The Reeler


November 24, 2006

All Around This Filthy World

"Perverted uncle" John Waters discusses the new film of his ageless one-man show

John Waters explains it all in the Jeff Garlin-directed This Filthy World (Photo: Filthy World, LLC)

Happily and from memory, John Waters can tell you all the appellations he's earned in 42 years as a filmmaker. There's "Sultan of Shock," "Captain Kangaroo gone insane" and "the Pope of Trash" among scores of others. But perhaps more than any single descriptor or nickname, Waters is a singular brand with formidable reach beyond the cinema: on Broadway (Hairspray, with Cry Baby around the corner); on TV (John Waters Presents Movies That Will Corrupt You); in publishing (Shock Value, Art: A Sex Book); and, well before any of those, in the lecture circuit.

Or something like that.

"This is not a lecture!" Waters stresses in the introduction of This Filthy World, the new screen version of his one-man show (opening today at Cinema Village). "This is vaudeville!" As directed by Jeff Garlin in the relatively austere confines of Manhattan's Harry De Jur Playhouse, This Filthy World is really neither; it's more stand-up comedy meets oral history, with Waters gleefully recounting the "negative artistic influences" that captivated his upbringing in Baltimore and have since fueled four decades of his carefully cultivated yet defiantly tasteless empire. But don't let the oversize fresh flower arrangement onstage fool you -- the rubbish piled at stage left balances everything out, and Waters himself will assure you that the show hasn't always been this classy.

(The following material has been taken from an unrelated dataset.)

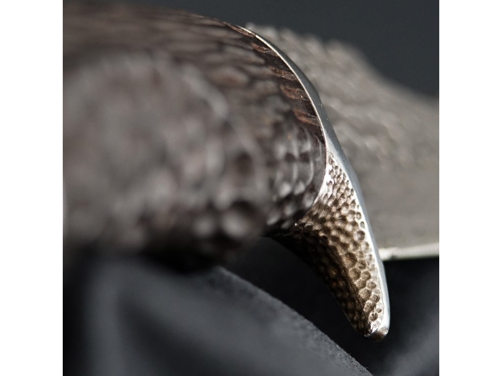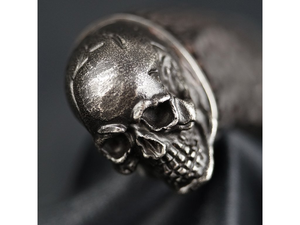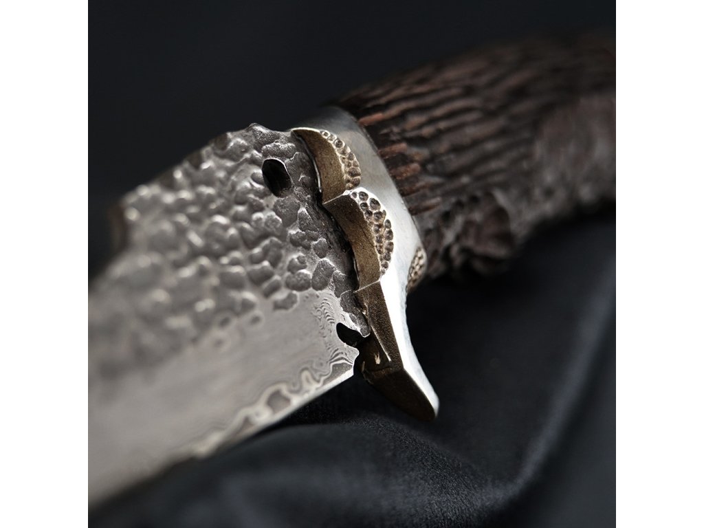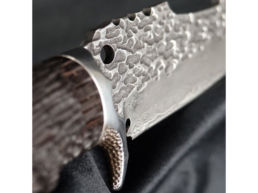 Rukojeť: Vyrobená z exotického dřeva Desert Iron-Wood, které pochází z rozsáhlých pouští v USA. Toto dřevo je těžší než voda a má přírodní barevnou variabilitu od světlého medu po jemný oranžový nádech. Rukojeť je ergonomicky tvarovaná pro pohodlný úchop a zpevněná masivním kováním s vyobrazením lebky, což dodává noži nejen praktičnost, ale i estetický prvek.
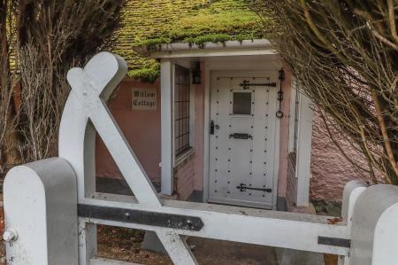 The front of the cottage is screened by a long brick wall and high conifer hedging. Picket gate and path leading to front entrance porch. Path continues around the front of the property and through a gate leading into the main rear garden.

"It has mutated into what you have today," Waters told The Reeler last week, reflecting on This Filthy World's germination in the late '60s. "In the very beginning, it started out because nobody knew who we were. I was showing movies in club or church basements or in obscure film societies at colleges. This is like Mondo Trasho and Multiple Maniacs -- way before even Pink Flamingos. Divine and I didn't have any money to advertise, so we would appear before the movie. Generally, I would come out first dressed kind of like a '50s lunatic pimp, pretending I was serious and talk about how brilliant nudist camp movies were and stuff. And then say, 'I'd like to introduce the most beautiful woman in the world,' which we always called Divine. And Divine came out dressed in character and did the act: He would rip phone books in half; he'd come out pushing a shopping cart and he used to throw meat or fish into the audience. And then in each city, we would have some cute hippie we were hanging out with, and we had a stolen police uniform from a costume shop that we never returned (I'm embarrassed to admit) and a short-haired wig, and he would play the cop. And the cop would come onstage and pretend to arrest Divine. We would act like it was really real, and Divine would strangle the cop to death and then the movie would start. That was our act."

In the sense that it features no fake cop killings, This Filthy World indeed represents a tactical evolution. It also fulfills its word-of-mouth function more generally than it did 30 or 40 years ago, the pre-video era when directors often accompanied their films on secondary college runs. "Between movies, it was a way to always make money," said Waters, who continues to attract substantial university demand and once even performed at Oxford. "And you get to meet your audience; it's like being a politician. You're pumping flesh in every city. I remember seeing a few filmmakers when I was a teenager. And when you see them young and you meet them at one of these things, you feel like you know them. And to be honest, you follow their work for the rest of your life."

But in its exquisite perspective of stunt-publicity precedent -- Waters as a youth attempting to locate the vibrating buzzers under seats at William Castle films, or observing the tireless self-promotion of exploitation mavericks like Kroger Babb -- the show occupies a realm between autobiography and cultural critique. Waters downplays his own most notorious legends ("I'm not a sadist," he says winkingly of Divine's shit-eating scene in Pink Flamingos. "It was only one take.") while emphasizing priceless recollections such as the one day he managed to shoot and screen The Diane Linkletter Story -- a campy short based on the suicide of Art Linkletter's daughter. Moreover, with snappy punchlines invoking everything from Visconti to Irreversible to Forrest Gump, This Filthy World may signal the world's first and only cinephile comedy act.

That said, Waters' routine is more consistently good-natured than funny, and that consistency is perhaps the principal factor underwriting the monologue's -- and its brand-name speaker's -- storied longevity. "I am a filth elder," Waters said, echoing a theme from the film. "In some of the reviews for this, I've been called a 'perverted uncle' or 'Captain Kangaroo gone insane,' which made me laugh. And parents bring their kids now, which is a weird thing. It's different because when I started, parents would find the scripts to my movies and call the police or they were always very much against me. And I guess what's changed is that they have kids with their own problems and their own creative weirdness that today, parents understand a lot better than they did when I was young. ... We used to call it 'sick humor' in the '50s. Now 'sick humor' is 'American humor.' That's what's on television now. So basically, I don't think I've changed -- I think I'm still doing the same thing."